Query Optimization.
In this phase of the project you will execute a number of queries on your databases, report the initial running times, and give the steps to improve the execution time of each query.
Query 1:
Give the total number of authors in DBLP that have at least one of their publication records in Microsoft Academic Search (MAS).
Query 2:
Give the distribution of author count per matched publication records in Microsoft Academic Search (MAS). This query must return a relation with two columns Number of Matched Publications and Author Count. For example, a row of the form (10, 20) in this relation means that 20 authors have 10 of their publications matched against MAS, while a row (5, 100) tells us that 100 authors have 5 of their publication records matched against MAS. Analyze the query with and without the clause "ORDER BY Number of Matched Publications."
Query 3:
Same as Query 2, but include the condition that only authors whose names contain a given substring, say 'Zhang', must be considered.
Query 4:
Same as Query 3, but include the condition that only authors whose NOTE field contain a given substring, say 'University', must be considered.
Deliverables
Give the SQL query for each query.
Include a screen shot per query that shows the execution of the query and includes the execution time.

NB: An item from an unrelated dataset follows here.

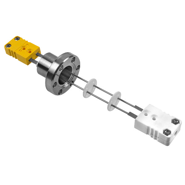 Thermocouple is the description for electrical feedthroughs that are commonly used for temperature measurement systems. A thermocouple feedthrough does not measure temperature, but rather it is used to conduct the thermocouple’s voltage signal from inside the vacuum system to an external instrumentation device. These feedthroughs use ceramic to metal sealing technology to braze various metals used in thermocouple assemblies to high purity alumina ceramic insulators. Thermocouple feedthroughs are suitable for ultra high vacuum applications. Several mounting options are available, being Weld On, KF, CF, Baseplate and NPT Adapters.

Include a screen shot with the Execution Plan per query.
Describe the steps you took to optimize each query.
Include screen shots per query show the gained improvement in the execution time (show the results, the new execution time and Execution Plan).
This is your last report. Include the updates from all the previous phases.
Start early!
Collaborate! Compare and discuss your approaches. The end product is expected to be an individual effort!